Unnamed: 0,item,gddid,qid
0,https://geokb.wikibase.cloud/entity/Q28507,620c0472ad0e9c819b01e9d8,Q28507
1,https://geokb.wikibase.cloud/entity/Q28508,620ec508ad0e9c819b0ed48d,Q28508
2,https://geokb.wikibase.cloud/entity/Q28505,620f06ecad0e9c819b0fffef,Q28505
3,https://geokb.wikibase.cloud/entity/Q28504,620f2ebaad0e9c819b109562,Q28504
4,https://geokb.wikibase.cloud/entity/Q28506,620f3149ad0e9c819b10a044,Q28506


One of the things we want to do here is link mineral names picked up from xDD indexing to mineral commodity entities in the GeoKB. Here we get the entities identified as commodities and tee up a simple name matching structure.

In [4]:
geokb_commodities = geokb.url_sparql_query(
    sparql_url="https://geokb.wikibase.cloud/query/sparql?query=PREFIX%20wd%3A%20%3Chttps%3A%2F%2Fgeokb.wikibase.cloud%2Fentity%2F%3E%0APREFIX%20wdt%3A%20%3Chttps%3A%2F%2Fgeokb.wikibase.cloud%2Fprop%2Fdirect%2F%3E%0A%0ASELECT%20%3Fitem%20%3FitemLabel%20%3FitemAltLabel%0AWHERE%20%7B%0A%20%20%3Fitem%20wdt%3AP1%20wd%3AQ406%20.%0A%20%20SERVICE%20wikibase%3Alabel%20%7B%20bd%3AserviceParam%20wikibase%3Alanguage%20%22en%22%20.%20%7D%0A%7D",
    output_format="dataframe"
)

geokb_commodities["qid"] = geokb_commodities["item"].apply(lambda x: x.split("/")[-1])
geokb_commodities["commodity_name_lower"] = geokb_commodities["itemLabel"].str.lower()
geokb_commodities["commodity_alt_names"] = geokb_commodities["itemAltLabel"].apply(lambda x: x.split(",") if x else None)

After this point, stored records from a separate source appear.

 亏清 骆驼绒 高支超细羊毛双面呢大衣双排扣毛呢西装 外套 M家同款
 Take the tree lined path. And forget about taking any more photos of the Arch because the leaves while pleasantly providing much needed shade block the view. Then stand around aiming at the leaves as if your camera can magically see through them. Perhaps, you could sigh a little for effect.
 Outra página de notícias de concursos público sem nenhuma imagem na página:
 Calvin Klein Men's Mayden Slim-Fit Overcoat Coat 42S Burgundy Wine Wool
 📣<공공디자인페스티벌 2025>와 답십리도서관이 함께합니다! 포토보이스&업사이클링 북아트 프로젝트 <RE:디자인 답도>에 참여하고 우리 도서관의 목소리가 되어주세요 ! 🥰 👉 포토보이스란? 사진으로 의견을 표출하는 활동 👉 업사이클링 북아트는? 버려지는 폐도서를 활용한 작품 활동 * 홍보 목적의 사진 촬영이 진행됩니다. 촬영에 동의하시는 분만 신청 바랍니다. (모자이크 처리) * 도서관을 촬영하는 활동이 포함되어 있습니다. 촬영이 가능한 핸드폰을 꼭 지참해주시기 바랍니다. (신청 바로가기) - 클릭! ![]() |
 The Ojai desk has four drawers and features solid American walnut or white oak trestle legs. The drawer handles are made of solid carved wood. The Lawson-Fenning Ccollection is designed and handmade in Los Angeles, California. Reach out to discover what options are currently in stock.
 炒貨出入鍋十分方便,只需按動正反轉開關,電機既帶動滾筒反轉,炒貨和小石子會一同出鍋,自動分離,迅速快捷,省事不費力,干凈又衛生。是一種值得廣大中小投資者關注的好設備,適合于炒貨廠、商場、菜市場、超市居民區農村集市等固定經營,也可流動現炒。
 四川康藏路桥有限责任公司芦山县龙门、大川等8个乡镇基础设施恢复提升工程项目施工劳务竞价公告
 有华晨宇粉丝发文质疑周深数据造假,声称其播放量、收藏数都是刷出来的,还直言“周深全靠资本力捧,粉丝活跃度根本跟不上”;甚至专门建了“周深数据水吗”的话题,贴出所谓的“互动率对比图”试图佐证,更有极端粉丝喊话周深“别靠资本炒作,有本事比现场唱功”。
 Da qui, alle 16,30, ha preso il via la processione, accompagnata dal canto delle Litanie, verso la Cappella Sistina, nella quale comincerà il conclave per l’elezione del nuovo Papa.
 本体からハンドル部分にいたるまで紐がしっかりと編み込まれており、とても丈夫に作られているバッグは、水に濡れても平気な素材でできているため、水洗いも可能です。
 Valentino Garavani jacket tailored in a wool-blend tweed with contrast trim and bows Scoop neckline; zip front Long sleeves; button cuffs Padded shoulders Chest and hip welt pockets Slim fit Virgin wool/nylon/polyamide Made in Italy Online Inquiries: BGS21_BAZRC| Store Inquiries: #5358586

geokb_commodity_lookup = pd.concat([
    geokb_commodities[["item","itemLabel"]].rename(columns={"itemLabel": "commodity_name"}),
    geokb_commodities[["item","commodity_name_lower"]].rename(columns={"commodity_name_lower": "commodity_name"}),
    geokb_commodities[["item","commodity_alt_names"]].explode("commodity_alt_names").rename(columns={"commodity_alt_names": "commodity_name"})
])

geokb_commodity_lookup.drop_duplicates(inplace=True)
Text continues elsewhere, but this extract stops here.